Ночь, проведенная в обветшалой гостинице при городском базаре - ее уже давно снесли - в простонародье называемой неизящно «клоповником», все надежды на духовные и иные открытия сразу свела на нет. Жаркое утро, когда солнце без разгона начинает жалить и жарить, оптимизма не прибавило. Нас куда-то повели, но настроение падало неудержимо.

…Он перевернул все и поставил с головы на ноги. Он был великолепен. Почти двухметроворостый гигант в необычной треугольной тюбетейке, в майке-сетке с коротким рукавом - тогда такие были в ходу - с христианским крестиком на груди, что было явным вызовом строю и обычаям советским. Он словно на минуту присел на край супы, укрытой дряхлым паласом, и попивал неспешно чай. Оказалось, он давно поджидал нас в этой чайхане, но никакого неудовольствия, между тем, не выказал. Доброжелательно пожал всем руки, не представляясь, видимо, уверенный, что имя его, а может, и дела известны нам. А мы впервые слышали о Юреневе и впервые видели его. «Принимающая» сторона ничего о приставленном к нам гиде не сообщила и, может быть, поэтому эффект был впечатляющий!

Сергей Николаевич говорил, словно журчал ручеек. Пока наши глаза «ездили» по донкихотской одежде Юренева и не могли оторваться от его небольшой бородки и особенно четок, составленных из редких рубинов и изумрудов, немало ценных мыслей прошли мимо наших ушей.

Юренев привел нас к замечательной площади, объединяющей смотрящие друг на друга медресе Улугбека и Абдалазиз-хана. Он поведал, что здесь зодчий Исмаил – сын Тахира из Исфагана – превзошел себя самого, создав уникальное по красоте сооружение – медресе, названное именем великого звездочета и государственного деятеля Улугбека. Юренев указал на входную арку и произнес: «Это моя любимица!» Для него, как выяснилось, каждое сколько-нибудь значащее сооружение ушедших веков было предметом восхищения и изучения.

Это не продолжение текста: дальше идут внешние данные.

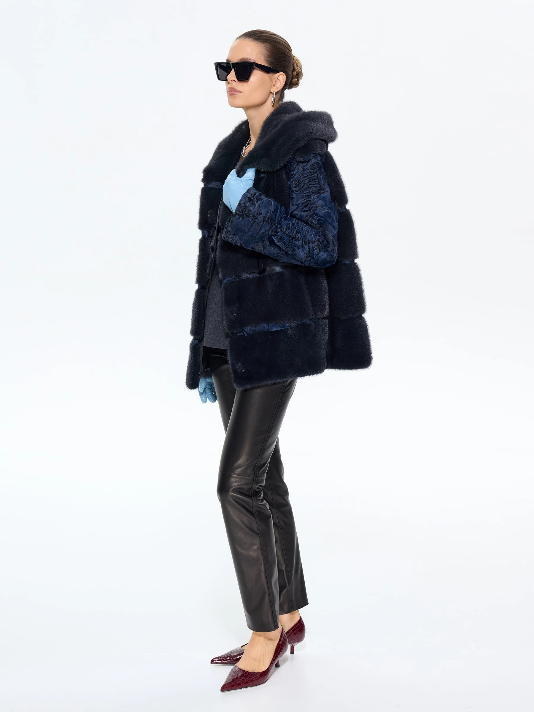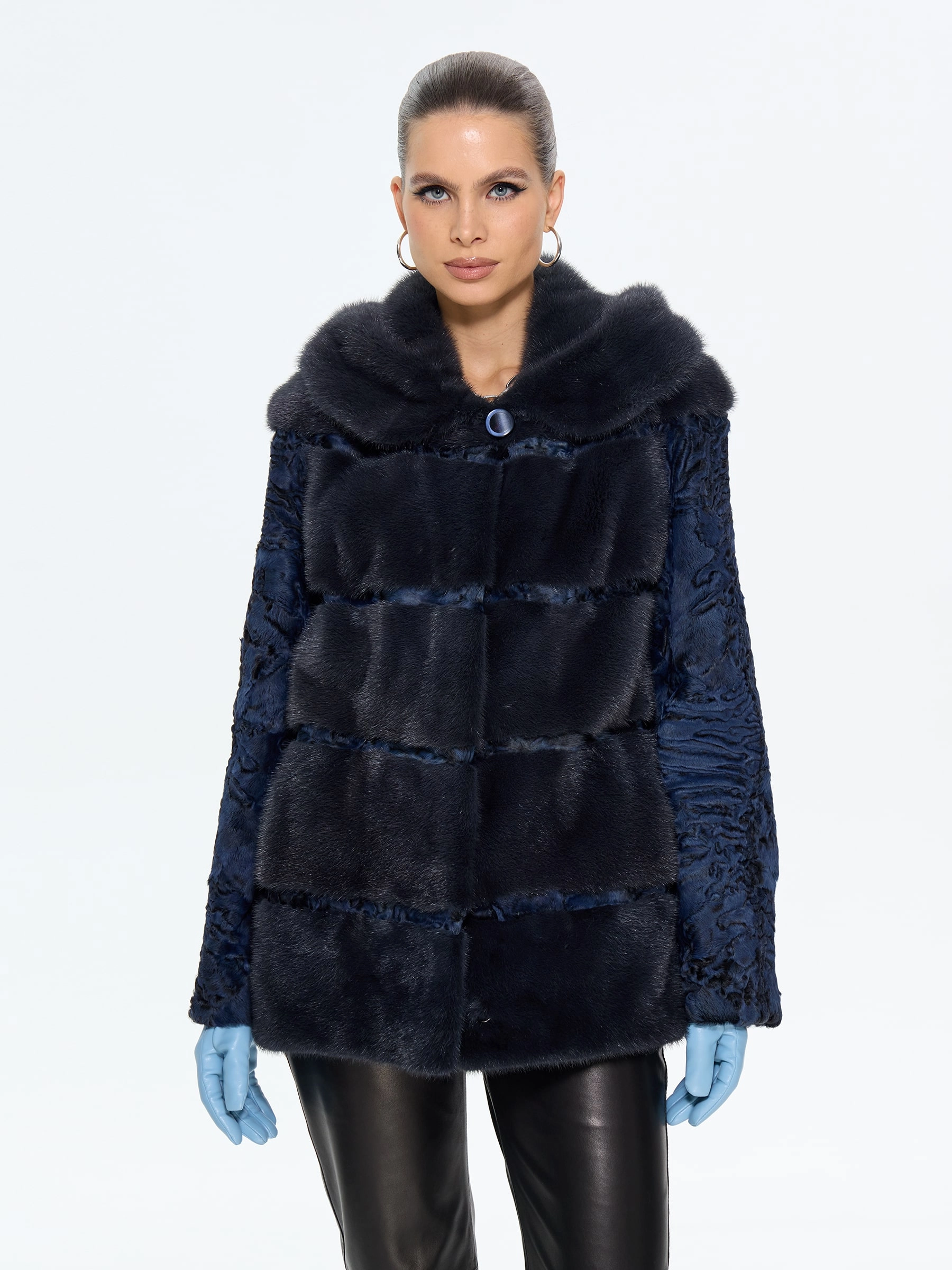 Элегантная шуба из меха каракульчи премиум-класса с элегантным капюшоном и отделкой из нежной норки. Классический прямой силуэт длиной 70 см создает утонченную элегантность, а практичный капюшон добавляет функциональности. Стилисты рекомендуют носить эту модель в насыщенном синем цвете с кожаными ботильонами и узкими джинсами для повседневного образа или с платьем-миди и сапогами-оверсайз для вечернего выхода. Идеальное сочетание неповторимого шарма, классических линий и современного комфорта.
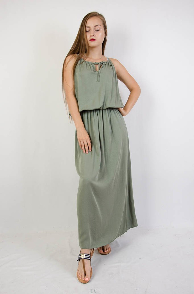 Długa zielona sukienka z rozporkiem na boku
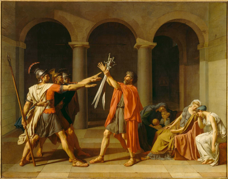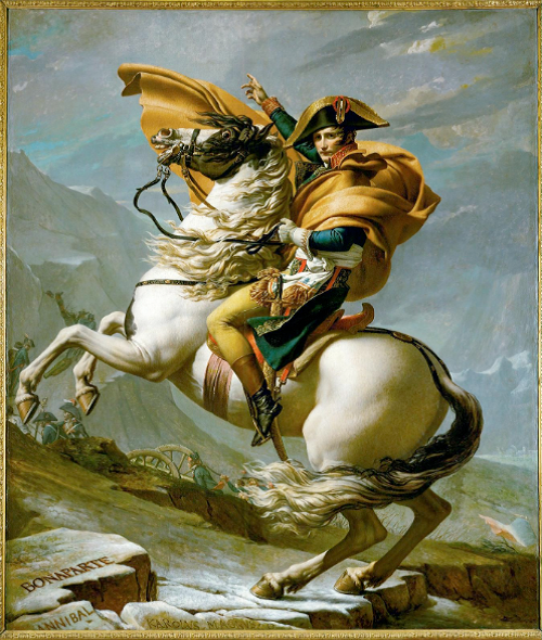 composition of painting is on a diagonal, horse, napoleon, the mountains; cape is
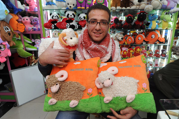 約旦客商哈姆紮·艾哈邁德在義烏中國小商品城捧著他訂貨的羊年吉祥物合影(2014年12月14日攝)。新華社記者 譚進 攝
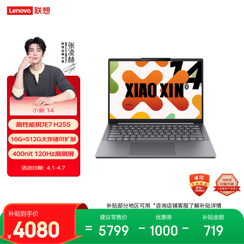自营联想笔记本电脑小新14高能本 锐龙7 H255 16G 512G 400nit 120Hz高刷高色域 轻薄办公学生 国家补贴

Потому признание в любви к… арке не выглядело вычурно, напротив, оно утверждало в мысли: наш новый знакомый зря времени не терял, познавая край, куда его занесла судьба и чужая воля, чтобы, пропустив через сердце все, что близко и дорого узбеку, таджику, старожилам бухарским, сделать исконно личным, своим, душой прилепиться к даровитому и гостеприимному народу.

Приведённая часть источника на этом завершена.